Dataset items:
┄┄┄┄┄┄
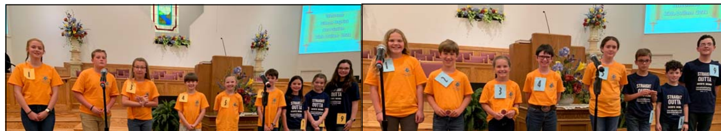
White Hall hosted the GBA Bible Drills. Seventeen children participated and sixteen will move on to the regionals.

Providing Christ-centered homes where children can thrive is difficult and expensive. Giving is the easy part. TBCH receives no government money, they are totally donor-supported. Please consider giving a gift today.
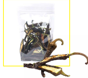
Dried Sliced Jalapeno w/Hook 120ct | MWF-9996
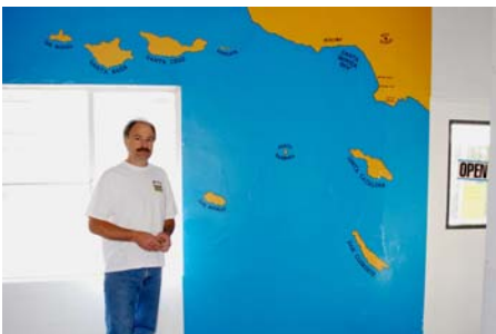
No way to save the hand-painted wall map
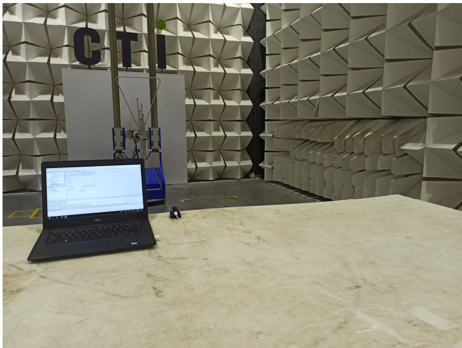
Radiated spurious emission Test Setup-1(Below 1GHz)
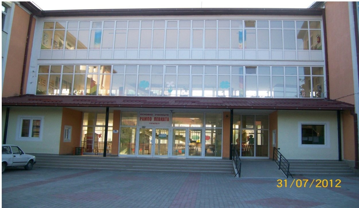
Primary School "Rampo Levkata" – Prilep
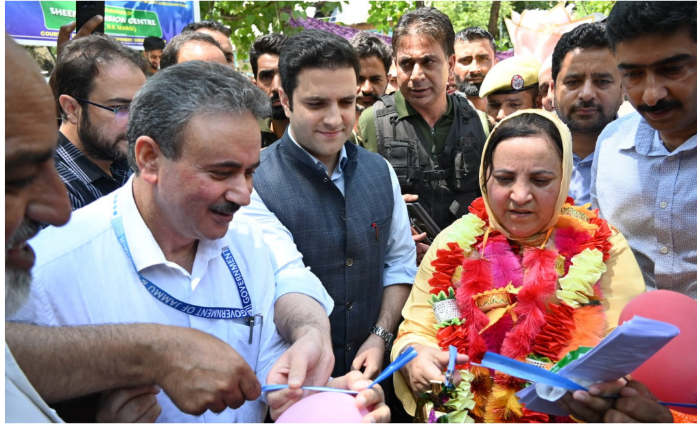
structured NTPHC will play a vital role in improving the health outcomes of the local population,

Addressing a large public gathering after the inauguration, Minister Sakeena Itoo emphasized that the Omar Abdullah-led government is fully committed to bringing all essential public services to the doorsteps of people in rural and far-flung areas. She noted that the newly con-
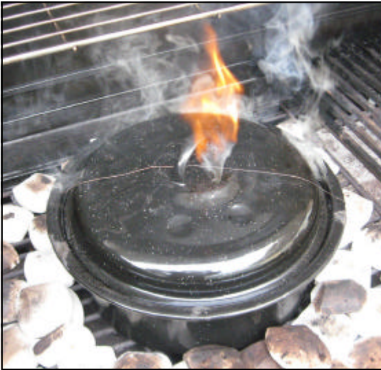
Charcoal burner on Bar_B_Q. Note the gas flare
┄┄┄┄┄┄
WORK TO BE COMPLETED
In the lines above, spot each one that contains the word "will" and copy it.

WRITTEN ANSWER
White Hall hosted the GBA Bible Drills. Seventeen children participated and sixteen will move on to the regionals.
structured NTPHC will play a vital role in improving the health outcomes of the local population,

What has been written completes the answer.